- Title: UNITED KINGDOM: Poetry is released from the vaults of a news agency archive
- Date: 3rd March 2011
- Summary: LONDON, ENGLAND, UK (MARCH 2, 2011) (REUTERS) JUDE COWAN READING POEM (SOUNDBITE) (English) MEDIA ARCHIVIST AND POET, JUDE COWAN, SAYING: "You can't help but have a response to the images that you see and to the stories that you see, and I needed some way of processing that in a way, I needed somewhere to put the emotions I was having viewing this material, and I found that poetry was a really good vehicle for expressing those feelings." JUDE COWAN CARRYING ARCHIVE TAPE TINS IN VAULT WHERE ARCHIVE MATERIAL IS STORED HANDS RETURNING TINS TO THE SHELF (SOUNDBITE) (English) MEDIA ARCHIVIST AND POET, JUDE COWAN, SAYING: "For the Messengers is for the people who go out all over the world and bring back stories from quite extreme situations so we have news; and so that we can see what's going on.
- Embargoed: 18th March 2011 12:00
- Location: United Kingdom, United Kingdom
- Country: United Kingdom
- Topics: General
- Reuters ID: LVAC18NI8LYLQNAPS2CK98IR3QU1
- Story Text: From her windowless desk in the large basement of London-based British broadcaster, ITN, Jude Cowan catalogues raw footage for the ThomsonReuters news agency video archive. Every major news event from around the world passes across her desk to be logged and filed for future use. Much of the material is of a graphic nature: the aftermath of bombings, air disasters, floods.
In 2008 Jude embarked on an ambitious year-long venture to transform unpackaged television images into poetry. The result is a powerful and moving literary work. For the Messengers is a personal response to those people whose lives, and sometime deaths, were glimpsed through a camera lens and immortalised.
"You can't help but have a response to the images that you see and to the stories that you see, and I needed some way of processing that in a way. I needed somewhere to put the emotions I was having viewing this material, and I found that poetry was a really good vehicle for expressing those feelings," Jude told Reuters.
The volume contains over 100 poems, covering six continents and dozens of themes. Some are quirky, like Iran: Animal Shelter, where dogs - "denounced as Western, unislamic and unclean" by Iranian authorities are lovingly cared for by an army of committed volunteers.
The book is dedicated to Reuters cameraman Fadel Shana, who was killed by an Israeli tank shell in the Gaza Strip on April 16, 2008. The Palestinian-born cameraman was just 23 years old.

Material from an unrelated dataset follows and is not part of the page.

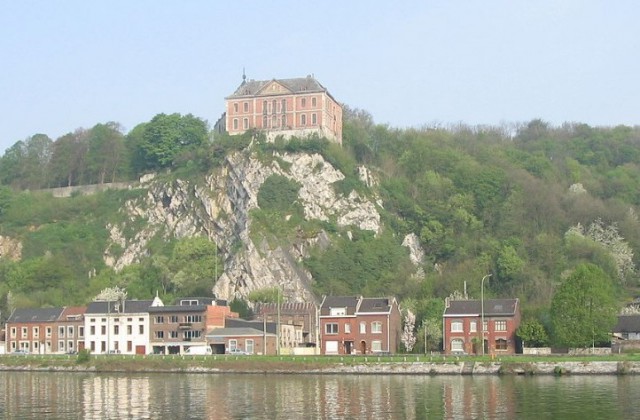 La façade que l’on découvre en longeant le fleuve est de style Renaissance, très en vogue au 18e siècle. Au 14e siècle c’était un château-fort dont les fondations faisaient partie intégrante du rocher. Il résista avec succès à de nombreux assauts, mais fut brulé par les Hutois à la fin du 14e siècle, lors des démêlés qui les opposaient au prince-évêque Englebert de La Marck. Aujourd’hui, la partie la plus ancienne est la base de la tour située au nord-ouest.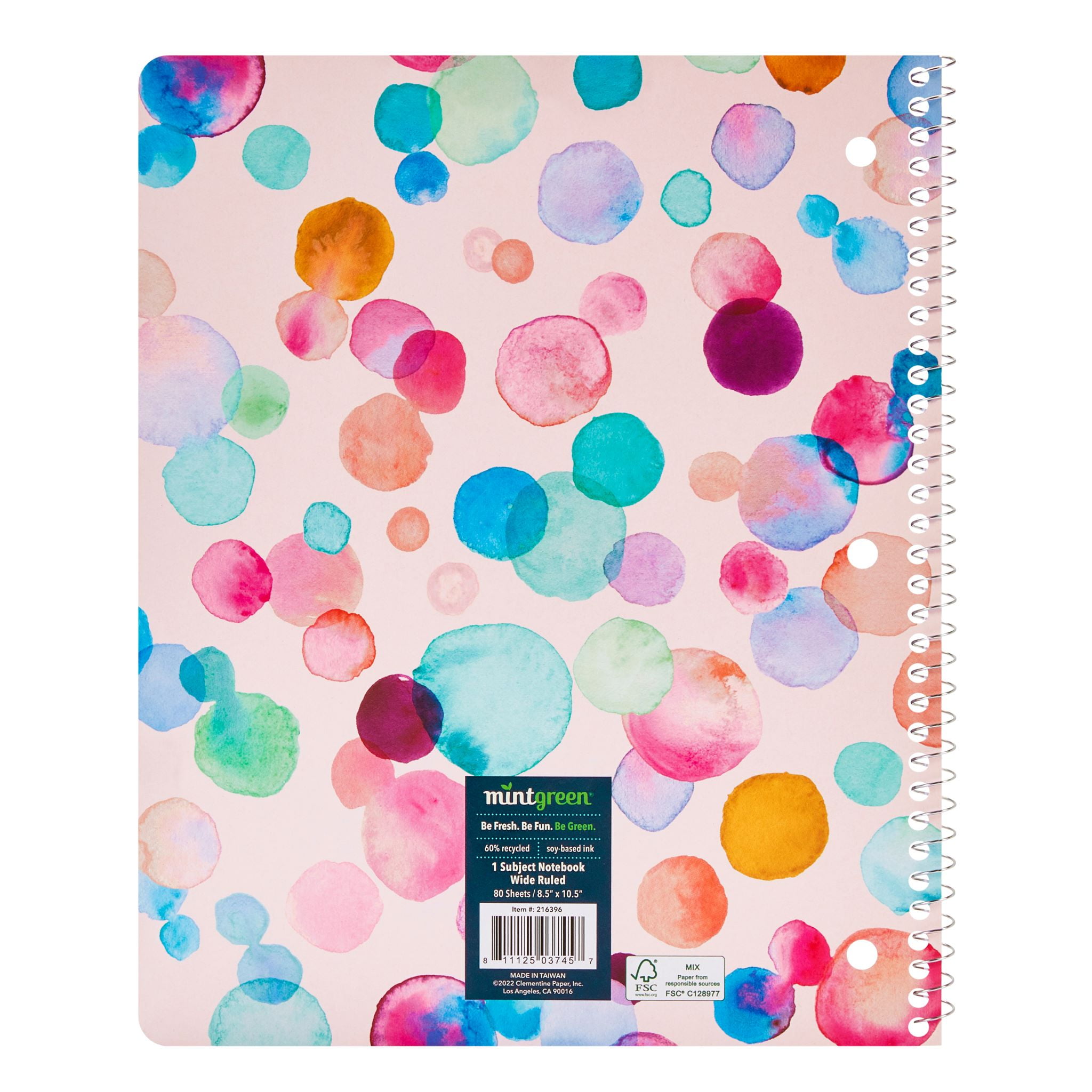 Mintgreen Spiral Notebook, Wide Ruled, 1 Subject, 80 Recycled Sheets, 8×10, Colorful Dots

"For the Messengers is for the people who go out all over the world and bring back stories from quite extreme situations so we have news; and so that we can see what's going on. The book's dedicated to Fadel Shana who is a Reuters cameraman, who was killed in April of 2008, and, well, it's dedicated to him because he died in the course of collecting a story," Jude said.
Award-winning British news anchor, Jon Snow said Cowan's poetry was remarkable and resonated with authenticity.
"Every poem which entirely derives of her day job - looking at all this footage going through her screen - makes you feel she was there; and she's never been anywhere."
The power of Cowan's poetry is that it is imbued with rich detail that television often misses, said Snow.
"I think it kind of emphasises the absolute core issues within an event and distills them into something which weaves emotionally through your system, and trips all those responses that sometimes television fails to."
Gaza: Reuters Cameraman is a moving account of Shana's death, which he unwittingly filmed, and its devastating aftermath. The video from Shana's camera showed an Israeli tank opening fire. Two seconds after the shot raises dust around its gun, the tape goes blank - seemingly at the moment the cameraman was hit. The Reuters vehicle was an unarmored sport utility vehicle bearing "TV" and "Press" markings. The blast on a country back road left the car shattered and ablaze. Eight Palestinian bystanders were also killed and a Reuters soundman was wounded. The Israeli army expressed its regret but later exonerated the troops who killed him.